Reproduce the records below in their entirety, character for character.

Data extract:
^^^^^^^^^^^^^^^^

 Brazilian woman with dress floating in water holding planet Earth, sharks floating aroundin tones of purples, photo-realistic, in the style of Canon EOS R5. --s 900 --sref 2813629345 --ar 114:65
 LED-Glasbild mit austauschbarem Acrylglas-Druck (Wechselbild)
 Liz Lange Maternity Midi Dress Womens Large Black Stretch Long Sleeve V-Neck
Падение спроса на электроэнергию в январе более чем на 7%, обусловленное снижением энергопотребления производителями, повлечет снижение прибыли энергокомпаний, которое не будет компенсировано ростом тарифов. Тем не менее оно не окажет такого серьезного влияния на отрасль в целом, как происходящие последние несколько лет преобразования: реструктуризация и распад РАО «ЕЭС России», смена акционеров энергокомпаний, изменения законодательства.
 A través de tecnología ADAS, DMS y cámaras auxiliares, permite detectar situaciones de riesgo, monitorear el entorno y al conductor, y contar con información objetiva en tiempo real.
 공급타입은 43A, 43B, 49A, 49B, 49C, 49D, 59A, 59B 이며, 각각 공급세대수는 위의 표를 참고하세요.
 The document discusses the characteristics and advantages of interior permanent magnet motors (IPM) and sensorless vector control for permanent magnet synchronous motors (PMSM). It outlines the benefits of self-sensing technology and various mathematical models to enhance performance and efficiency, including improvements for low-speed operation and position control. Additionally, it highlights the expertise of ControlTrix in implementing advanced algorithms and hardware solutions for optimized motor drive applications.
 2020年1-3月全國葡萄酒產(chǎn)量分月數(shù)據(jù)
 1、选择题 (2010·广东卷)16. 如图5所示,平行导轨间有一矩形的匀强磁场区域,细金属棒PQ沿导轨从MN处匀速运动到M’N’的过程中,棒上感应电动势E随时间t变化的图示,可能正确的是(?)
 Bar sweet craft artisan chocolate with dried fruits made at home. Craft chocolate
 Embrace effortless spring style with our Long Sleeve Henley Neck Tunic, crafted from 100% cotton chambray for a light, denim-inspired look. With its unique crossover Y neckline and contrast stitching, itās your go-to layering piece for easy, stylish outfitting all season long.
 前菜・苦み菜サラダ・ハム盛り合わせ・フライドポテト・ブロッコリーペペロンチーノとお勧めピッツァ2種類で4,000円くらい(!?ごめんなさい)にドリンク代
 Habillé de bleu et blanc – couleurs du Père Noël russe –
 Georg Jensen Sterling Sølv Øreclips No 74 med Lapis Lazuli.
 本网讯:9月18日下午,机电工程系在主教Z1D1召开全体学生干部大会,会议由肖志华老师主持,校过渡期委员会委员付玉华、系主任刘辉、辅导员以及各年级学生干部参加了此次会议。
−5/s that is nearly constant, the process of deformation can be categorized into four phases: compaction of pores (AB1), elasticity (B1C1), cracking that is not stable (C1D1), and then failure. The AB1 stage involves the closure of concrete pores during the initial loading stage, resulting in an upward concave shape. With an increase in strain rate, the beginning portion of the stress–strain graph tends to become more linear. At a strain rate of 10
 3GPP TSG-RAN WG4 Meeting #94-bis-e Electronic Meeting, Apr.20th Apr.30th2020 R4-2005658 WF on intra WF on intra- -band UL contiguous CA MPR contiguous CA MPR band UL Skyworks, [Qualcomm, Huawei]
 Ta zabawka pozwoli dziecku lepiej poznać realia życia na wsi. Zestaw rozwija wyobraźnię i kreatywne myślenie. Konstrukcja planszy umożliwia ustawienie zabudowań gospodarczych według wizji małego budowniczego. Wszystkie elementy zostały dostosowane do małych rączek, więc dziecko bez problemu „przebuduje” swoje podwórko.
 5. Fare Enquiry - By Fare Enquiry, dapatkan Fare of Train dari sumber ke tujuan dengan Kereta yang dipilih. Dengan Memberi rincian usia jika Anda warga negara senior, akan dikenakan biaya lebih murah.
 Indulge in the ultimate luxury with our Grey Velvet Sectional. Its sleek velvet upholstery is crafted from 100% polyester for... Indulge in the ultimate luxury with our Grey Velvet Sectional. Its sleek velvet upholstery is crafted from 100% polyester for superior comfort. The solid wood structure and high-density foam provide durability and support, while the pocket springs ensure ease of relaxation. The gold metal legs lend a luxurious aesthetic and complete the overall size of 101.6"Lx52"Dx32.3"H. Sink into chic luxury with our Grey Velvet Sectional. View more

^^^^^^^^^^^^^^^^

Solution to this problem:
 Brazilian woman with dress floating in water holding planet Earth, sharks floating aroundin tones of purples, photo-realistic, in the style of Canon EOS R5. --s 900 --sref 2813629345 --ar 114:65
 LED-Glasbild mit austauschbarem Acrylglas-Druck (Wechselbild)
 Liz Lange Maternity Midi Dress Womens Large Black Stretch Long Sleeve V-Neck
Падение спроса на электроэнергию в январе более чем на 7%, обусловленное снижением энергопотребления производителями, повлечет снижение прибыли энергокомпаний, которое не будет компенсировано ростом тарифов. Тем не менее оно не окажет такого серьезного влияния на отрасль в целом, как происходящие последние несколько лет преобразования: реструктуризация и распад РАО «ЕЭС России», смена акционеров энергокомпаний, изменения законодательства.
 A través de tecnología ADAS, DMS y cámaras auxiliares, permite detectar situaciones de riesgo, monitorear el entorno y al conductor, y contar con información objetiva en tiempo real.
 공급타입은 43A, 43B, 49A, 49B, 49C, 49D, 59A, 59B 이며, 각각 공급세대수는 위의 표를 참고하세요.
 The document discusses the characteristics and advantages of interior permanent magnet motors (IPM) and sensorless vector control for permanent magnet synchronous motors (PMSM). It outlines the benefits of self-sensing technology and various mathematical models to enhance performance and efficiency, including improvements for low-speed operation and position control. Additionally, it highlights the expertise of ControlTrix in implementing advanced algorithms and hardware solutions for optimized motor drive applications.
 2020年1-3月全國葡萄酒產(chǎn)量分月數(shù)據(jù)
 1、选择题 (2010·广东卷)16. 如图5所示,平行导轨间有一矩形的匀强磁场区域,细金属棒PQ沿导轨从MN处匀速运动到M’N’的过程中,棒上感应电动势E随时间t变化的图示,可能正确的是(?)
 Bar sweet craft artisan chocolate with dried fruits made at home. Craft chocolate
 Embrace effortless spring style with our Long Sleeve Henley Neck Tunic, crafted from 100% cotton chambray for a light, denim-inspired look. With its unique crossover Y neckline and contrast stitching, itās your go-to layering piece for easy, stylish outfitting all season long.
 前菜・苦み菜サラダ・ハム盛り合わせ・フライドポテト・ブロッコリーペペロンチーノとお勧めピッツァ2種類で4,000円くらい(!?ごめんなさい)にドリンク代
 Habillé de bleu et blanc – couleurs du Père Noël russe –
 Georg Jensen Sterling Sølv Øreclips No 74 med Lapis Lazuli.
 本网讯:9月18日下午,机电工程系在主教Z1D1召开全体学生干部大会,会议由肖志华老师主持,校过渡期委员会委员付玉华、系主任刘辉、辅导员以及各年级学生干部参加了此次会议。
−5/s that is nearly constant, the process of deformation can be categorized into four phases: compaction of pores (AB1), elasticity (B1C1), cracking that is not stable (C1D1), and then failure. The AB1 stage involves the closure of concrete pores during the initial loading stage, resulting in an upward concave shape. With an increase in strain rate, the beginning portion of the stress–strain graph tends to become more linear. At a strain rate of 10
 3GPP TSG-RAN WG4 Meeting #94-bis-e Electronic Meeting, Apr.20th Apr.30th2020 R4-2005658 WF on intra WF on intra- -band UL contiguous CA MPR contiguous CA MPR band UL Skyworks, [Qualcomm, Huawei]
 Ta zabawka pozwoli dziecku lepiej poznać realia życia na wsi. Zestaw rozwija wyobraźnię i kreatywne myślenie. Konstrukcja planszy umożliwia ustawienie zabudowań gospodarczych według wizji małego budowniczego. Wszystkie elementy zostały dostosowane do małych rączek, więc dziecko bez problemu „przebuduje” swoje podwórko.
 5. Fare Enquiry - By Fare Enquiry, dapatkan Fare of Train dari sumber ke tujuan dengan Kereta yang dipilih. Dengan Memberi rincian usia jika Anda warga negara senior, akan dikenakan biaya lebih murah.
 Indulge in the ultimate luxury with our Grey Velvet Sectional. Its sleek velvet upholstery is crafted from 100% polyester for... Indulge in the ultimate luxury with our Grey Velvet Sectional. Its sleek velvet upholstery is crafted from 100% polyester for superior comfort. The solid wood structure and high-density foam provide durability and support, while the pocket springs ensure ease of relaxation. The gold metal legs lend a luxurious aesthetic and complete the overall size of 101.6"Lx52"Dx32.3"H. Sink into chic luxury with our Grey Velvet Sectional. View more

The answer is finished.